Before executing the following commands, restart the kernel and start executing commands from the cell below. 

In [3]:
import os
os.getcwd()
os.chdir('/Users/Jaan/Documents/gitHubCode/PythonMachineLearningBook/Chapter_09/movieclassfier')
os.getcwd()

'/Users/Jaan/Documents/gitHubCode/PythonMachineLearningBook/Chapter_09/movieclassfier'

In [8]:
#load vectorizer and unpickled classifier
import pickle
import re
import os
from vectorizer import vect
clf = pickle.load(open(os.path.join('pkl_objects', 'classifier.pkl'), 'rb'))

In [9]:
#preprocess document samples and make predictions
import numpy as np
label = {0: 'negative', 1:'positive'}
example = ['I love this movie']
X = vect.transform(example)
print ('Predction: %s\nProbability: %.2f%%' %(label[clf.predict(X)[0]], np.max(clf.predict_proba(X) * 100)))

Predction: positive
Probability: 82.90%


# Setting up a SQLite database for data storage

In [16]:
#create review database and update it with two example rows of data
import sqlite3
import os
conn = sqlite3.connect('reviews.sqlite')
c = conn.cursor()
c.execute('''CREATE TABLE review_db 
            (review TEXT, 
            sentiment INTEGER, 
            date TEXT);''' )
example1 = 'I love this movie'
c.execute("INSERT INTO review_db (review, sentiment, date) VALUES(?, ?, DATETIME('now'))", (example1, 1))
example2 = 'I do not like this movie'
c.execute("INSERT INTO review_db (review, sentiment, date) VALUES(?, ?, DATETIME('now'))", (example2, 0))
conn.commit()
conn.close()

In [15]:
#use in case we need to drop the review table before needing to create it again
# conn = sqlite3.connect('reviews.sqlite')
# c = conn.cursor()
# c.executescript('drop table review_db')

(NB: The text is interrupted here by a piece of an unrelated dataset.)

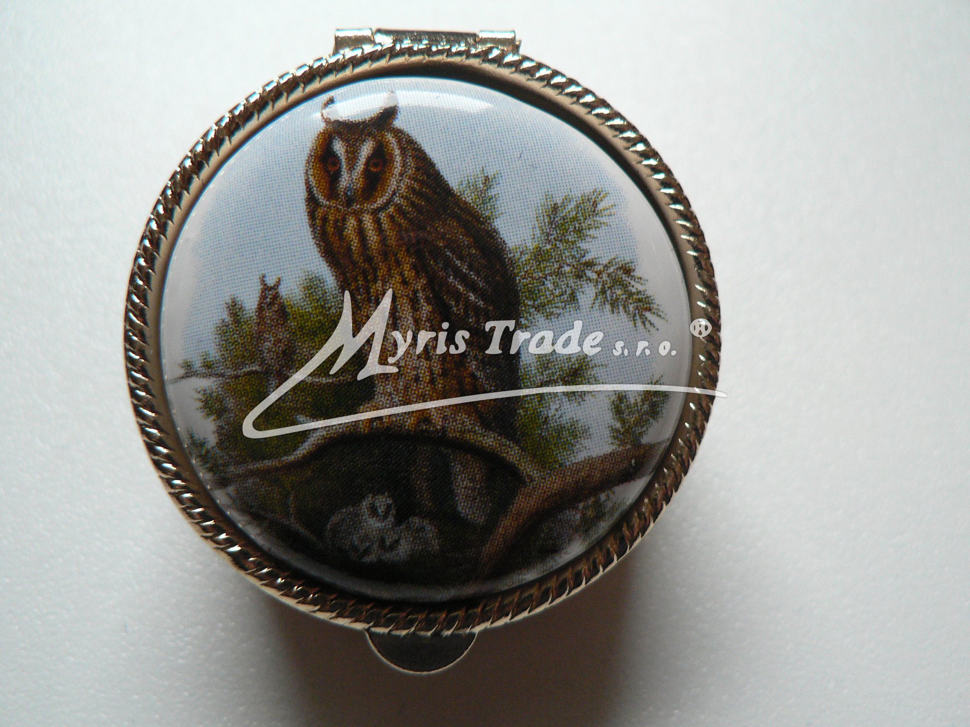 klasická kulatá lékovka je vyrobena z kovu zlaté barvy s porcelánovým víčkem s motivem sovy
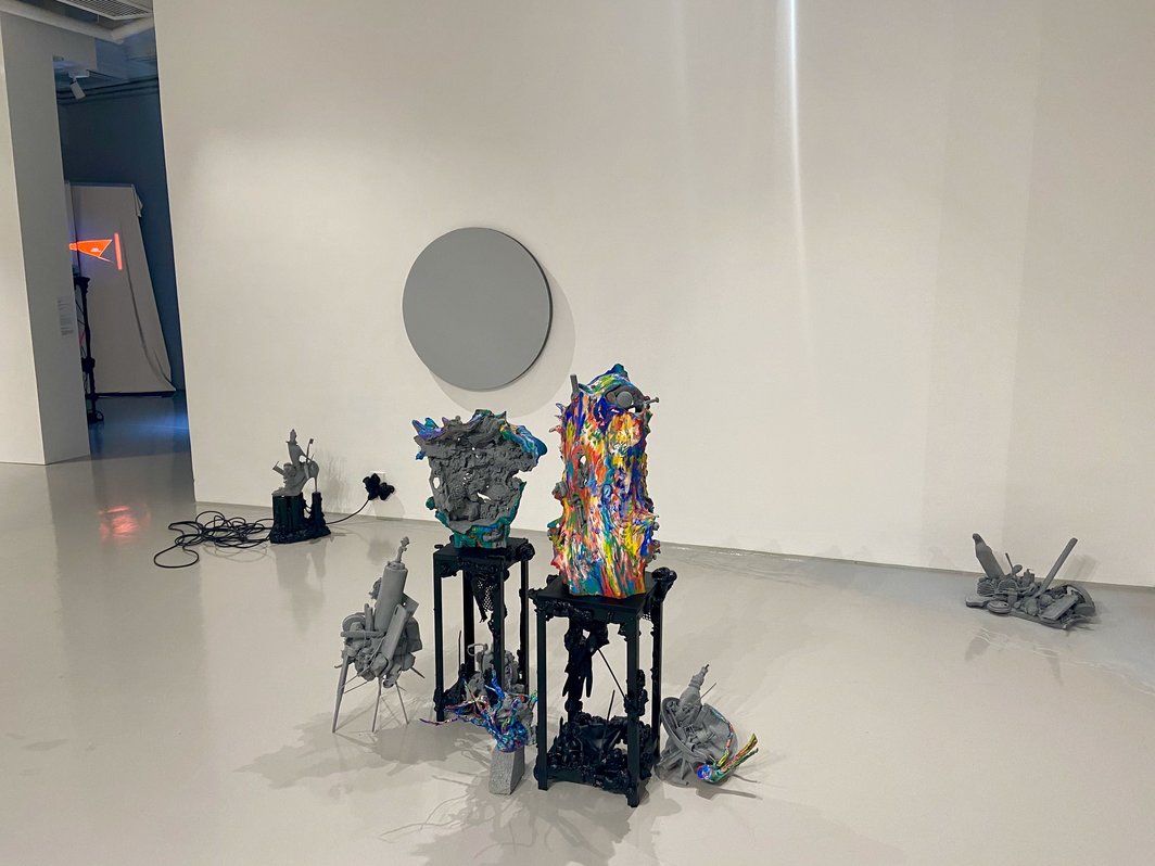 由于这样的创作模式,本展览不可避免地带有一些工作室“毕业展”的意味,尽管四位艺术家在各自领域已有不同程度的积累。然而,在疫情不断反复的香港,本次展览不失为一个积极的尝试。其特别之处不仅在于参展艺术家的协同工作方式,还在于呈现了一个新型艺术生产系统。本次展览的主办方HART,旗下有HART Hall,HART Haus和HART17三个实体项目空间。其中HART Haus为艺术家共享工作室,提出申请并通过筛选的艺术家可以以低于市场价的租金使用其位于坚尼地城的厂房式空间,本展览四位艺术家均获选在此工作;HART Hall为本展览的展示空间,位于最近国际大画廊纷纷进驻的中环H Queen’s大厦,而HART与H Queen’s大厦同属香港四大地产巨头之一恒基兆业集团。可以说,本展览从内容生产到展示都是在“一条龙”系统内完成的。HART给参展艺术家提供了相当多的资源支持,除了宽敞的工作室和黄金地段的展示空间,还为每个艺术家举办讲座,制作个人宣传片。此次展览或许标志着HART开始为香港艺术界提供一种新的艺术制作模式。该模式会为本地生态带来什么影响和改变,我们拭目以待。

<sqlite3.Cursor at 0x10432c030>

In [19]:
#check entries entered into the databse
conn = sqlite3.connect('reviews.sqlite')
c = conn.cursor()
c.execute("SELECT * FROM review_db WHERE date BETWEEN '2015-01-01 00:00:00' AND DATETIME('now')")
results = c.fetchall()
conn.close()
print (results)

[('I love this movie', 1, '2015-12-31 20:06:19'), ('I do not like this movie', 0, '2015-12-31 20:06:19')]